● Exercise objective: The answer must be only the lines below from the one holding "岡野大嗣 選として刊行が決まった篠原仮眠の第1歌集『banana flavored" down to the one holding "經(jīng)濟(jì)效益", ends included, printed exactly; please omit all pictures.

● Task input:
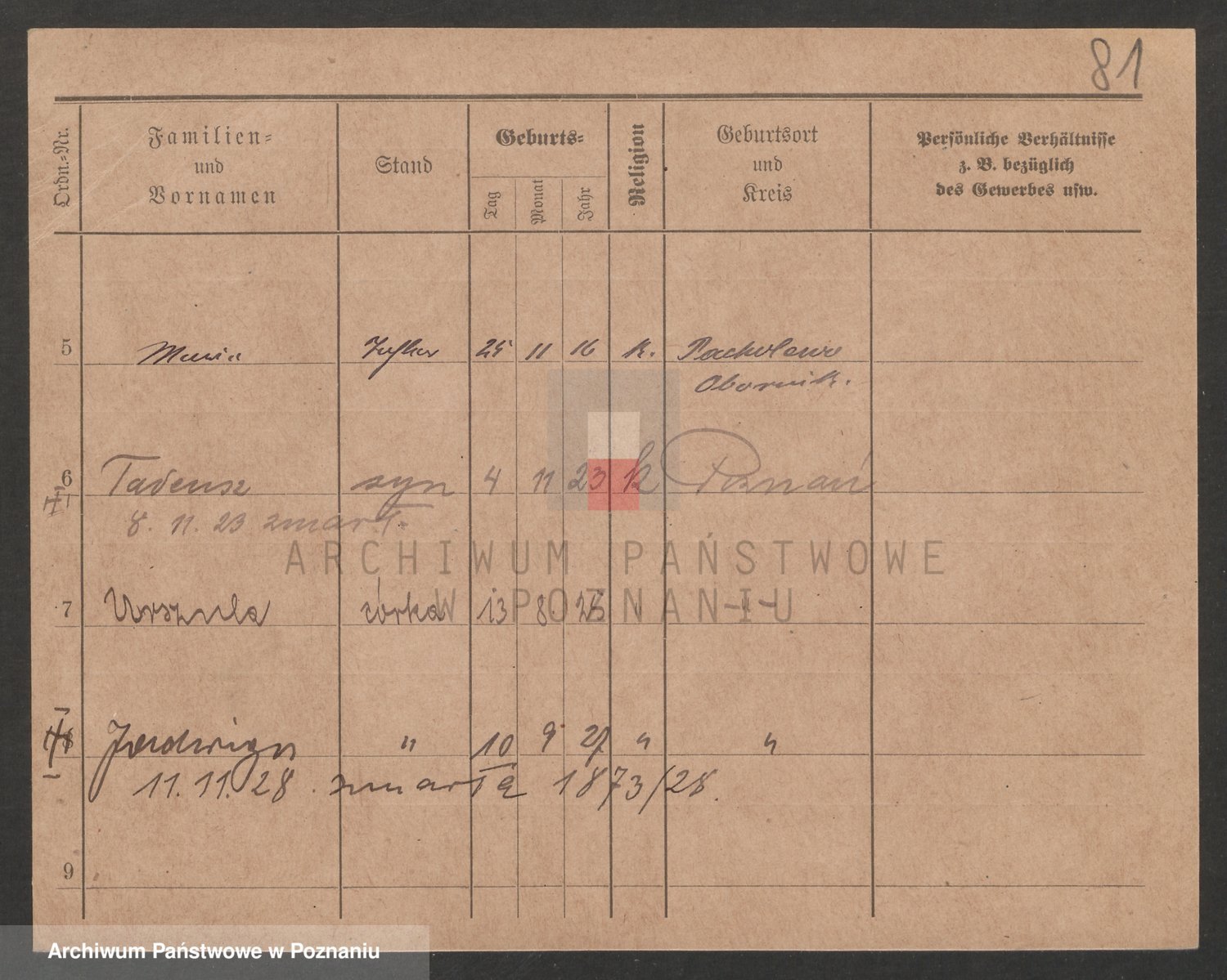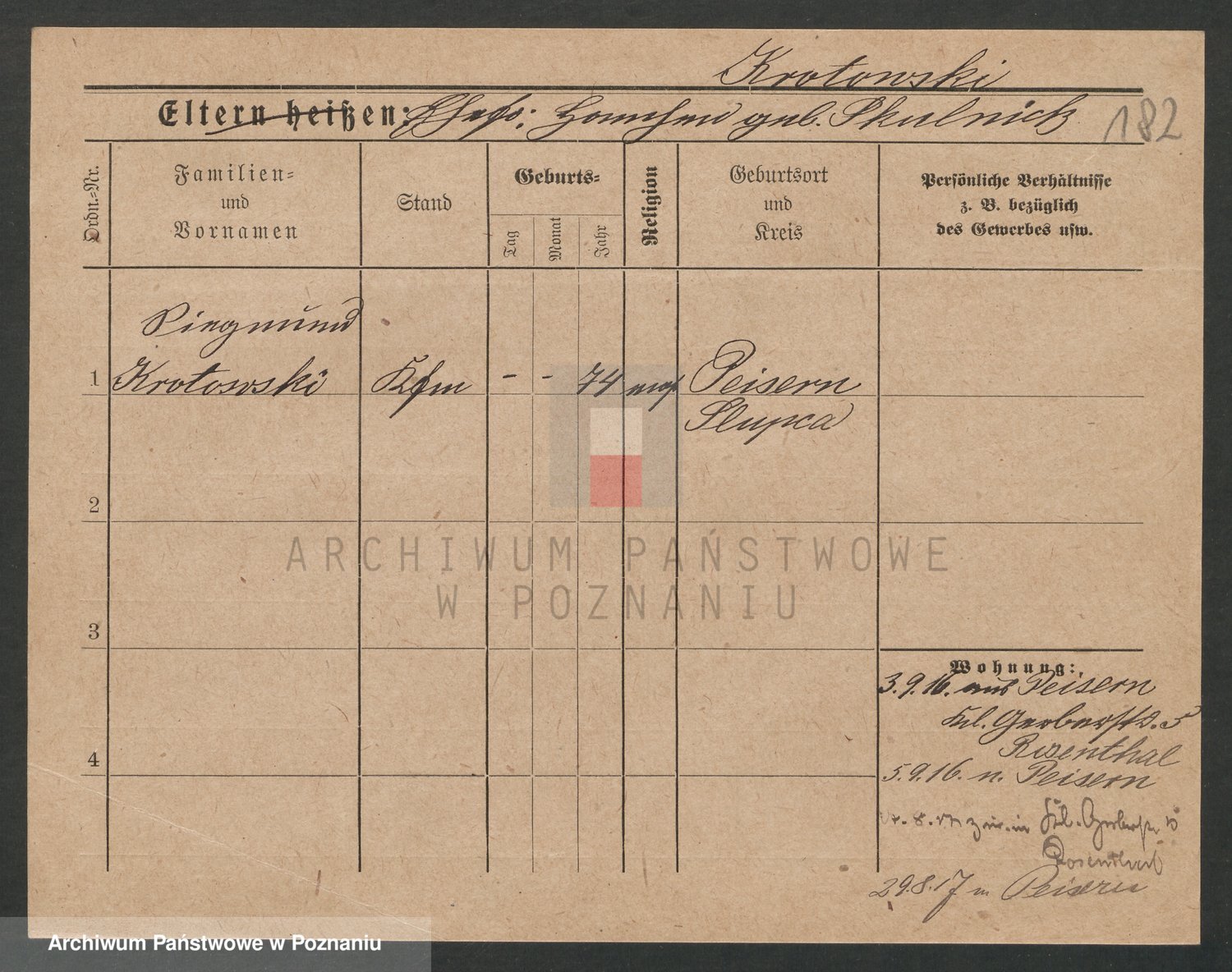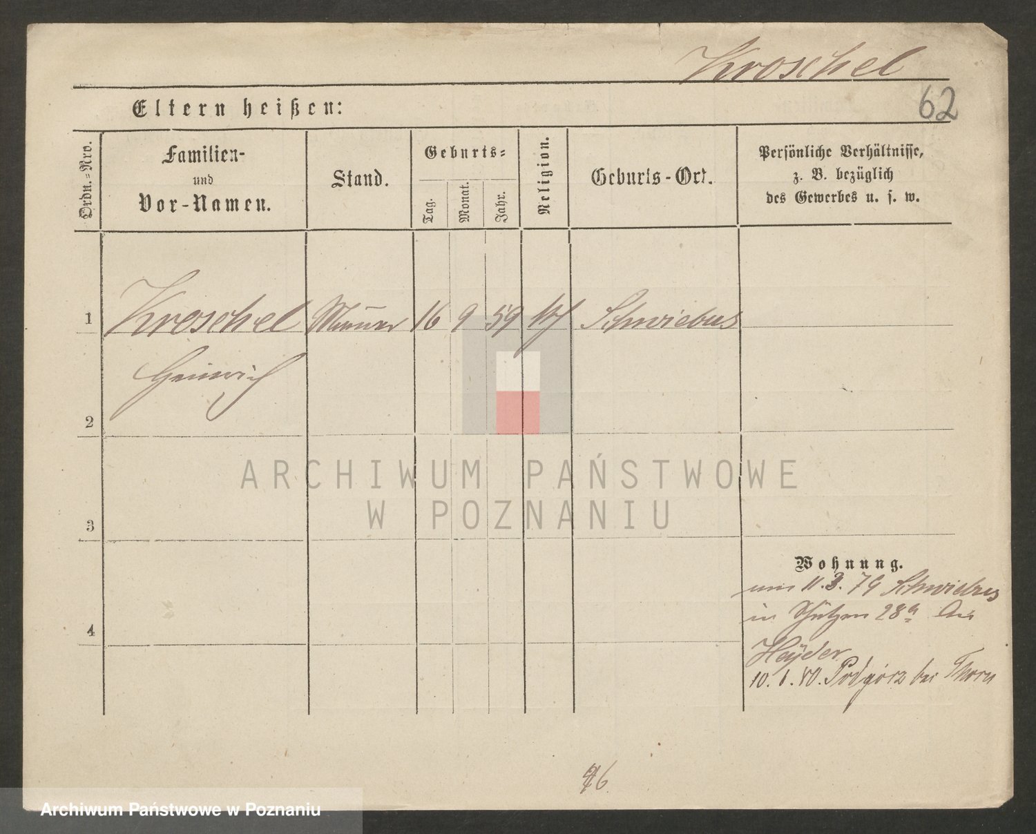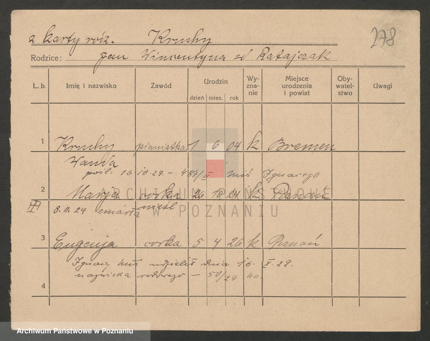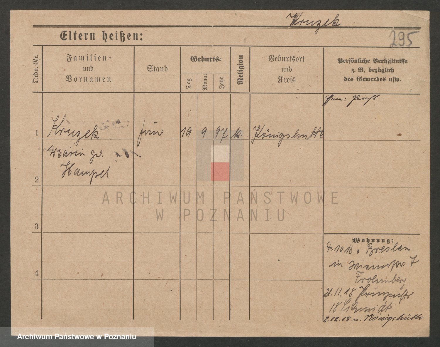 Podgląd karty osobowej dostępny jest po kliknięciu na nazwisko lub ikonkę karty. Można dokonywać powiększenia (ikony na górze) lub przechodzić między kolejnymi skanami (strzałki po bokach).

...

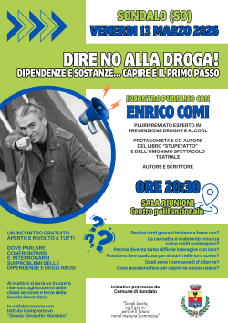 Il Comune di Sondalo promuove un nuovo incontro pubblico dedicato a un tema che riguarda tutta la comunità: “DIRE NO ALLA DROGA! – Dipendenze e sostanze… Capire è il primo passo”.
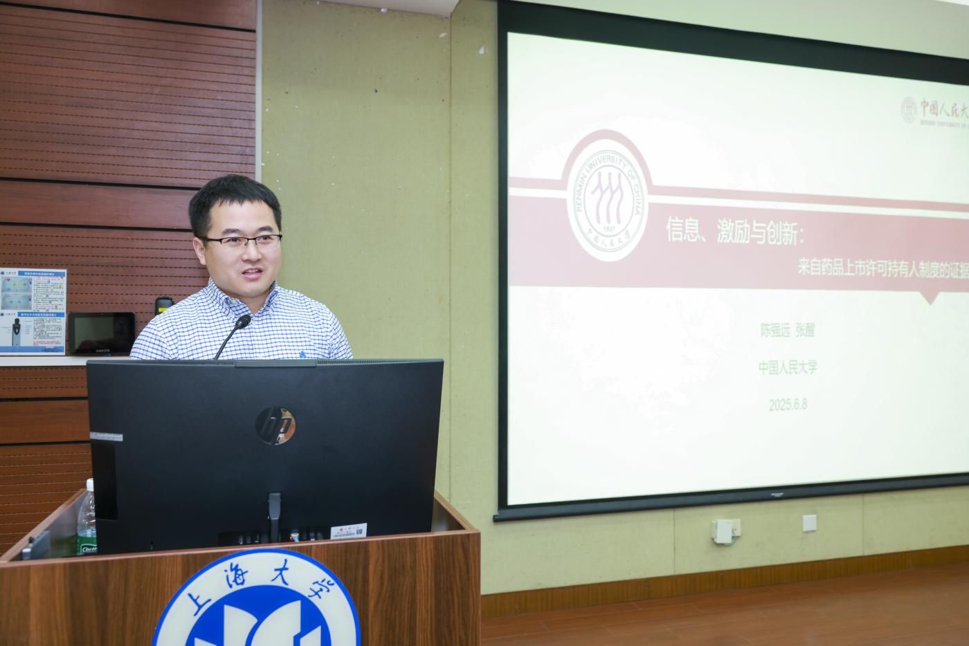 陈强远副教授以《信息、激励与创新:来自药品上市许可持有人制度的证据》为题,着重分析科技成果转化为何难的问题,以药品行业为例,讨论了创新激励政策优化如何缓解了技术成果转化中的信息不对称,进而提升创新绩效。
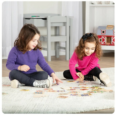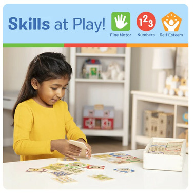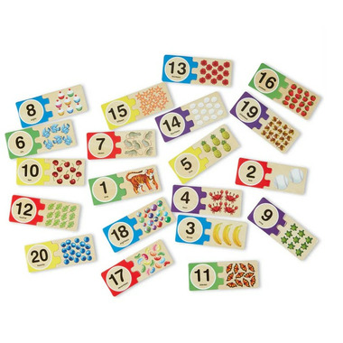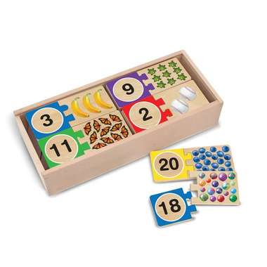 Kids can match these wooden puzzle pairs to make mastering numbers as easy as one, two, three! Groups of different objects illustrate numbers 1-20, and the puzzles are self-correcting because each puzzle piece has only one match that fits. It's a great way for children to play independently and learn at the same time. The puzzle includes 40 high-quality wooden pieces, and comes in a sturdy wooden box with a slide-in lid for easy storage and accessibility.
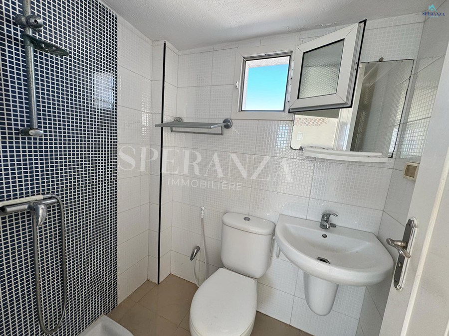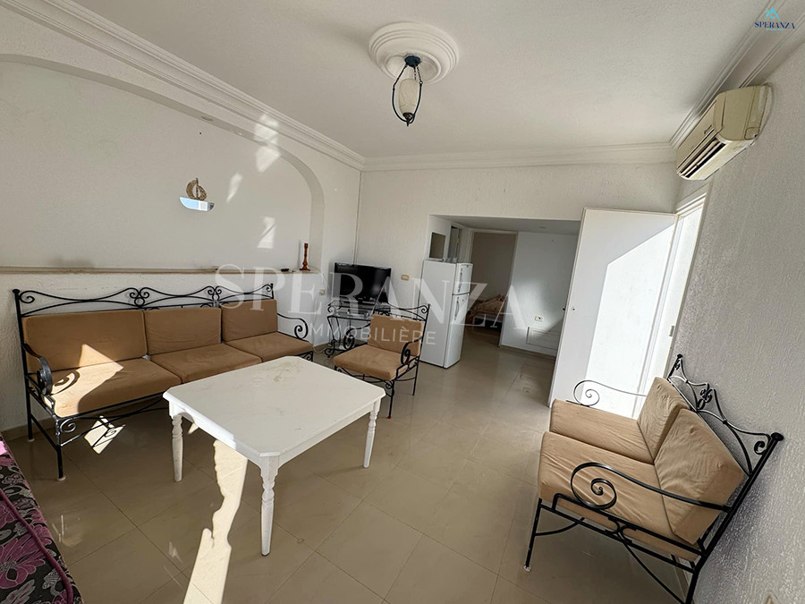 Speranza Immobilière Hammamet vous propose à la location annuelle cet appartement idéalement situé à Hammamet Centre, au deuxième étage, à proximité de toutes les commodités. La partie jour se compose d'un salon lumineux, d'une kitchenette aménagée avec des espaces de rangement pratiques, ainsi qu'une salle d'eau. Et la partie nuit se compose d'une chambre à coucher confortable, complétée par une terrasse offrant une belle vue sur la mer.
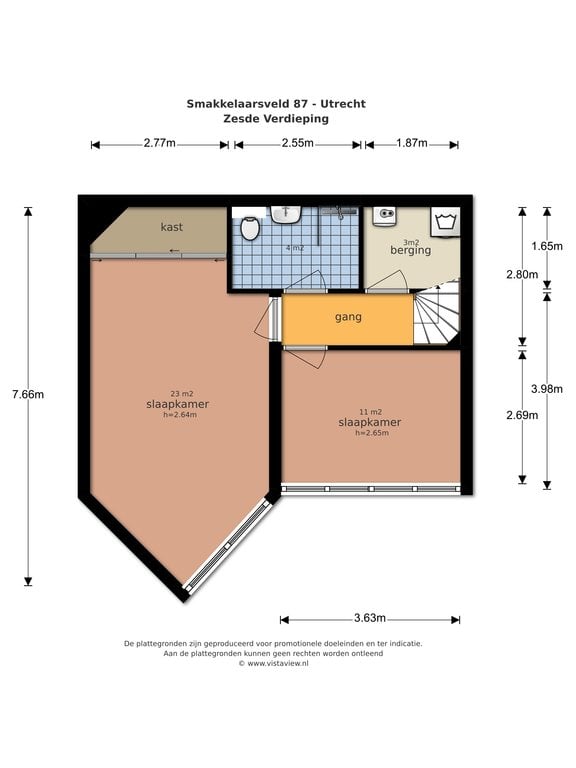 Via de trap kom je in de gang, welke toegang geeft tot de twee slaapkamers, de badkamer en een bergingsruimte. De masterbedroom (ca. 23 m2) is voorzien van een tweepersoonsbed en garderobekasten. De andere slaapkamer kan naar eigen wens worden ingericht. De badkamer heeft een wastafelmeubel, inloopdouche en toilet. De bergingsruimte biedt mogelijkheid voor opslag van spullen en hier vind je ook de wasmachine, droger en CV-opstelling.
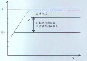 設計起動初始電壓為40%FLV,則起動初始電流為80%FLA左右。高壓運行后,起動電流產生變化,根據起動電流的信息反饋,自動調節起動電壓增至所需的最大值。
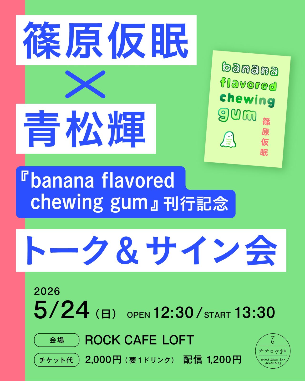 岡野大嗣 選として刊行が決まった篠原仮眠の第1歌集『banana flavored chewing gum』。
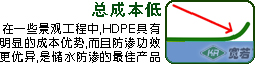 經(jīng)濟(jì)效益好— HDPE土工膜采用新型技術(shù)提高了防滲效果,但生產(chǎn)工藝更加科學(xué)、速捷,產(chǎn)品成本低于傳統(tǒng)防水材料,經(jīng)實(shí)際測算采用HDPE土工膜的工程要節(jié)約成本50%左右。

● Answer to this exercise:
 岡野大嗣 選として刊行が決まった篠原仮眠の第1歌集『banana flavored chewing gum』。
 經(jīng)濟(jì)效益好— HDPE土工膜采用新型技術(shù)提高了防滲效果,但生產(chǎn)工藝更加科學(xué)、速捷,產(chǎn)品成本低于傳統(tǒng)防水材料,經(jīng)實(shí)際測算采用HDPE土工膜的工程要節(jié)約成本50%左右。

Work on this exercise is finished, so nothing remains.